In our network model, the environment-to-phenotype mapping is specified by the representation matrix $H$ and the expression matrix $G$. These matrices may represent information that is encoded in the organism’s genotype, which undergoes evolution. For simplicity, we consider the case where individuals of the population share the same matrices, and we look for the optimal values of $H$ and $G$ that maximize the long-term population growth rate $\mathrm{\Lambda}$.

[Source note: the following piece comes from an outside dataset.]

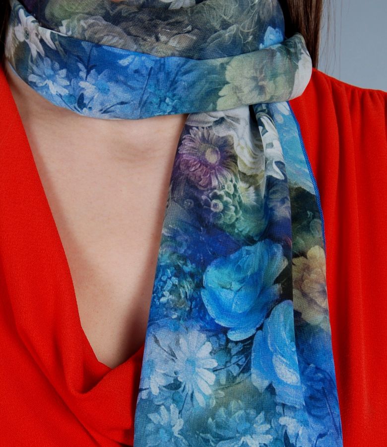 Printed crepe veil scarf, rectangular shaped.

## Emergence of Different Adaptation Strategies

The adaptation strategy resulting from the optimized network will depend on the level of environmental noise $\sigma $ and the strength of natural selection $\gamma $. We explore the range of adaptation strategies in the $\left(\sigma ,\gamma \right)$ parameter space using numerical examples. Consider a 2D environment space ($n=2$), a 3D phenotype space ($p=3$), and a 20D internal space ($q=20$). The environment switches between three conditions ($m=3$), with arbitrarily chosen positions in the environment space (marked in Fig. 2

*A*) and probabilities of occurrence (${p}_{\mu}=0.2$, 0.5, and 0.3, respectively). For each environmental condition ${\epsilon}^{\mu}$, we assign a most favorable phenotype ${\psi}^{\mu}$, called an “archetype” hereafter, in the phenotype space (Fig. 2*B*). In a given environment ${\epsilon}^{\mu}$, organisms receive a distribution of cues, as illustrated in Fig. 2*A*. The mapping given by the optimized network generates a distribution of phenotypes, as illustrated in Fig. 2*B*. The shape of the phenotype distribution, and how it changes under different environmental conditions, characterizes the corresponding adaptation strategy.Fig. 2.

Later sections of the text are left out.